Miskatonic University Press

Miles Mander

film sherlock.holmes

The Scarlet Claw, the eighth of the Basil Rathbone Sherlock Holmes movies (available on YouTube, as are all the others) is set north of Quebec City, I presume for propaganda reasons—it was made in 1944, and ends with Holmes quoting Churchill on Canada as “the linchpin of the English-speaking world.” Though it’s in a small Quebec town (which at the time I think would have been entirely French-speaking), most of the people have English accents. As in London, England. There is a lot of plaid, however.

The character Judge Brisson is played by Miles Mander, a character actor who was in scores of movies in the thirties and forties. Here he is nervously talking to Rathbone as Holmes.

Basil Rathbone and Miles Mander
Basil Rathbone and Miles Mander

Manders’s bio in Wikipedia has this fascinating line (uncited, as is the rest of the personal information):

His first wife was Pratibha Devi, a princess of Cooch Behar. She was the daughter of Maharaja Nripendra Narayan and Maharani Suniti Devi of Cooch Behar and paternal aunt of Gayatri Devi, Maharani of Jaipur.

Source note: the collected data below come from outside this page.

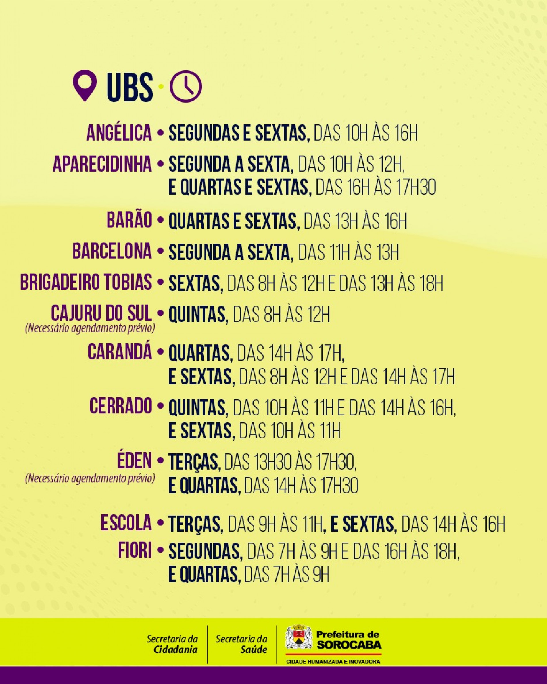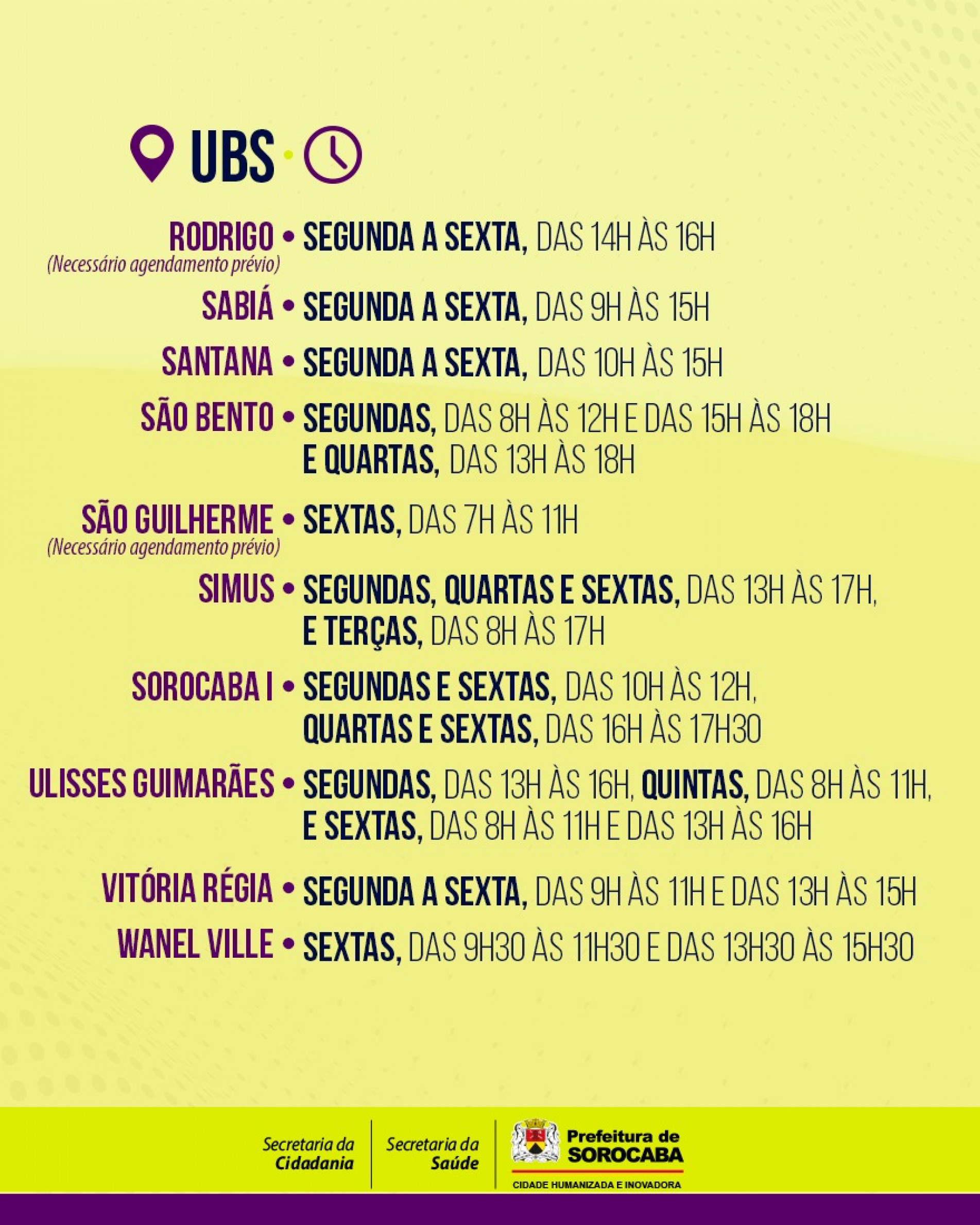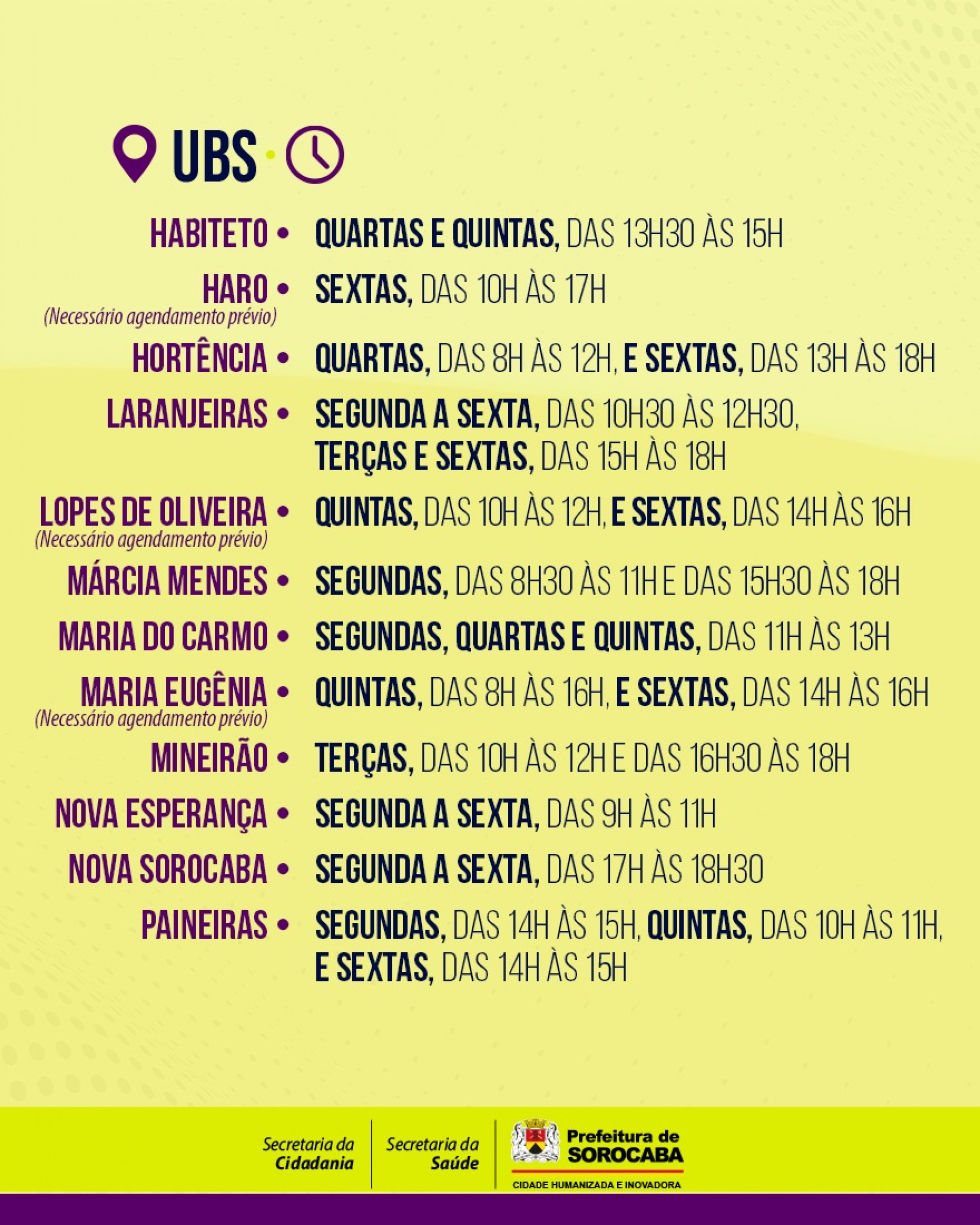 A Prefeitura de Sorocaba divulgou, nesta quinta-feira (1º), os dias e os horários disponíveis nas UBSs (Unidades Básicas de Saúde), para que as famílias registradas no Cadastro Único (CadÚnico) e beneficiárias do programa federal Bolsa Família possam realizar a pesagem requerida de mulheres e crianças. A pesagem pode ser feita na UBS mais próxima da residência da família, conforme datas e horários relacionados.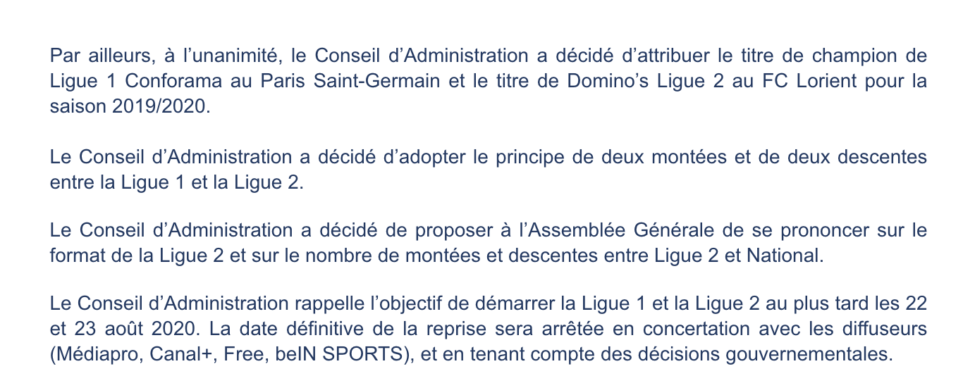 Voici le communiqué officiel de la LFP
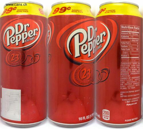 : יציזפ Npפוט SUGGESTED RETAIL PRICE 99¢ SUGGESTED RETAIL PRICE SUGGESTED RETAIL PRICE ODr Pepper OD epper Nutrition Facts Serving Size: 1 Can Amount Per Serving Est.1885 Calories 200 % Daily Value Total Fat 0g (23)) Sodium 70mg 3% USRA885 18 Total Carb. 53g Sugars 53g Protein 0g *Percent Daily, Values are based on a 2,000 calorie diet. CARBONATED WATER, HIGH FRUCTOSE CORN SYRUP, CARAMEL COLOR, PHOS- PHORIC ACID, NATURAL AND ARTIFICIAL FLAVORS, SODIUM BENZOATE (PRESERVATIVE), CAFFEINE. CANNED BY INDEPENDENT BOTTLERS UNDER THE AUTHORITY OF DR PEPPER COMPANY, 5301 LEGACY DRIVE, PLANO, TX 75024. 25 BLEND OF ©2012 DR PEPPER/ SEVEN UP INC. CAFFEINE CONTENT: 55mg/16 t 0z CONSUMER COMMENTS? 1-888-DRPEPPER drpepper.com 200 IT73 mL 16 FL OZ (1 P CALORIES PER CAN PLEASE RECYCLE a02V O 60 F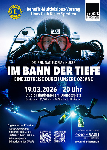 Lions Club Kieler Sprotten ist Veranstalter für diesen Vortrag. Ein Teil der Einnahmen soll dem inka-Schwimmprojekt für Kinder auf dem Ostufer zugute kommen.

Cooch Behar reminded me of “The Cannon Song,” from The Threepenny Opera. Here it is from the Kurt Weill tribute Lost in the Stars, sung by Stan Ridgway:

The troops live under

The cannon’s thunder

From Sindh to Cooch Behar

Moving from place to place

Till they come face to face

With a different breed of fellow

Whose skins are black or yellow

And quick as winking cut them into beefsteak tartare

Manders was born in England in 1888, went to university at McGill in Montreal, served in the First World War, then farmed sheep in New Zealand in the twenties. Where did he meet a princess? From her father’s Wikipedia bio, it seems she was raised in England. In To My Son—In Confidence (Faber and Faber, 1934), towards the end in the chapter “On Conduct and Character,” he has this story involving her (pp. 232–233):

There is one incident in my life that I shall not easily forget. It occurred, also before the War, when I was married to my first wife. She was returning from a sea voyage and met on board the ship an officer in a cavalry regiment. He fell in love with her, and she, being on a voyage of convalescence, was in a receptive mood for sympathy. I realized when I met her on her return that she had become infatuated with the man. Instead of allowing my jealousy to get the better of me, I sat down and wrote him a letter, pointing out the unhappiness he would cause if he pursued the friendship and begging him to have no further communication with her. He replied in a sincere manner, saying that he would most certainly respect my wishes in every way, also adding that he would like to meet me.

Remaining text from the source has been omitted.